Кудайменде нахмурился и засопел. Некоторое время оба молчали.
— Это верно, что в аулы выезжает улук? — спросил Танирберген.
— Верно.
— Когда он у нас будет?
— На днях, наверно…
У Танирбергена заблестели глаза.
— Ну тогда нам действительно везет! Кален известный вор, не так ли? Но воровство еще полбеды. Завтра он, как Еламан, убивать начнет, вот что плохо. И не поручусь…
— Ну?
— Не поручусь, что первый нож будет не тебе.
Кудайменде еще больше насупился.
— Сын Шодыра приехал в Аральск, не слышал? — опять спросил Танирберген.
— Есть такой слух…
— Не слух, а точно.
— Может быть… мстить за отца едет, конечно?
— Какой черт, мстить! Отцовский промысел едет продавать. Тут много народу соберется… Русские, татарские купцы всякие…
— Апыр-ай? На скот он думает менять или продавать за деньги?
Танирберген засмеялся было, но тут же осекся — испугался, что брат обидится, тот вообще обижался по пустякам.
— За деньги, конечно, — серьезно сказал он и немного помедлил. — Замечаешь ли ты, болыс-ага, что мир начал меняться? Сегодняшний день похож на вчерашний. Еще вчера кто осмеливался спорить с тобой? Все были твои рабы. Все делали, что ты им велел, и молчали. А теперь у каждого пастуха язык длинней, чем… — он не подыскал сравнения и щелкнул пальцами. — Теперь чуть что, он сразу хвост торчком, забирает жену, детей и чешет к рыбакам, у тебя под носом. Сколько голодранцев за последние два-три года бросили скот и пошли в рыбаки? Придет время — некому будет и твой скот пасти! Подумал ли ты об этом, болыс-ага?
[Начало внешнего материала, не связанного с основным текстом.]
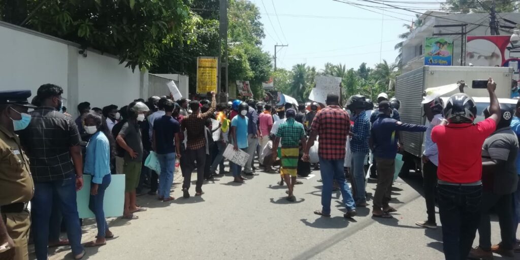 හිටපු අමාත්ය කැබිනට් ප්රකාශක රමේෂ් පතිරණගේ නිවස ඉදිරිපිට අද (04) දහවල් උද්ඝෝෂණයක් පැවැත්විණි. 300ක පමණ පිරිසක් පැමිණ එම නිවස ඉදිරිපිට රජයට එරෙහිව සටන් පාඨ කියමින් පැයකට වැඩි කාලයක් රැඳී සිටියහ.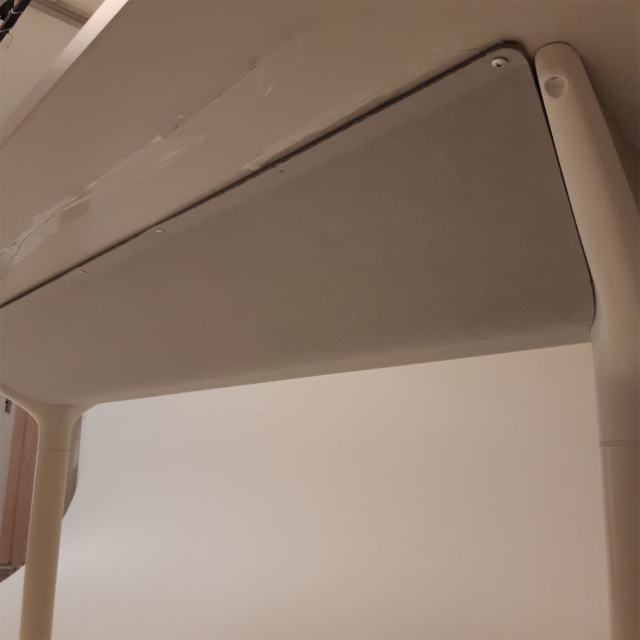 Skiva i ljusgrå laminat, M6. Vitlackerat stativ.
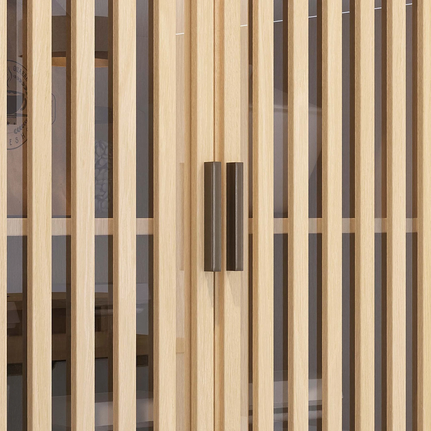 O Armário de Cozinha Aéreo de 80cm tem duas portas passantes e uma prateleira, enquanto o Armário Aéreo de 120cm oferece duas portas passantes, duas prateleiras internas e nichos com fundo ripado, agregando sofisticação ao ambiente.

— Ну допустим, думал. А что мне, по-твоему, делать?
— Разве умные люди не говорят: «Каков век, таков и человек»?
— Ну и что?
— А ты — ты только послушай! — а что, если мы сами купим промысел Шодыра?
— А?
— Я говорю, купить промысел нужно нам.
Хмурый до сих пор, Кудайменде вдруг прыснул, захохотал и повалился на подушки. Нахохотавшись, он отер слезы, отдышался и наконец сказал:
— Чего придумал, а? Нам ли браться за русское ремесло!
— А что тут такого?
— Не-ет, милый… Чего уж нам с русскими тягаться.
— Я дело говорю, ага. Купишь промысел — после бога первым будешь в наших местах. И степи твои, и море твое!
— А?
Кудайменде только теперь понял мысль брата. Он оживился, хлопнул себя по ляжкам и задумался. Он был нерешителен, как верблюд перед бродом. Подумав еще раз, он махнул рукой:
— Нет, милый мой, не наше это занятие… Засмеют, позора не оберешься!
Весть о том, что в Аральск приехал сын Тентек-Шодыра и остановился в доме тестя Маркова, вот уже несколько дней волновала все побережье. Везде толковали о том, что молодой офицер из Петрограда приехал продавать с торгов промысел отца. Как только слух подтвердился, на побережье стали съезжаться русские, татарские и казахские купцы.
Первым приехал русский купец, которого казахи прозвали Хромым Жагором. Вслед за ним из Челкара прибыл Темирке. Этот татарин был страшно богат, бесчисленный его скот нагуливал жир в долине Улыкум, в Челкаре у него была большая лавка, шерсть и шкурки двух-трех уездов проходили через его руки. Давно уж не мог он равнодушно думать о рыбе, но на море хозяйничал Федоров. Но вот Федоров погиб, промысел продавался, и Темирке со всеми своими приказчиками приехал в аул Кудайменде.
Танирберген узнал от Темирке, что сюда едет и урядник. Тотчас молодой мурза вызвал писаря из волостной канцелярии, заперся с ним у себя в доме, никуда не показывался и к себе никого не пускал. Абейсына без конца гоняли по соседним аулам. Приезжали какие-то казахи и после секретного разговора с Танирбергеном опять уезжали.
Все замечавший Темирке однажды, усмехнувшись, сказал своим джигитам: «Настоящий-то волостной, по-моему, сидит в доме мурзы…»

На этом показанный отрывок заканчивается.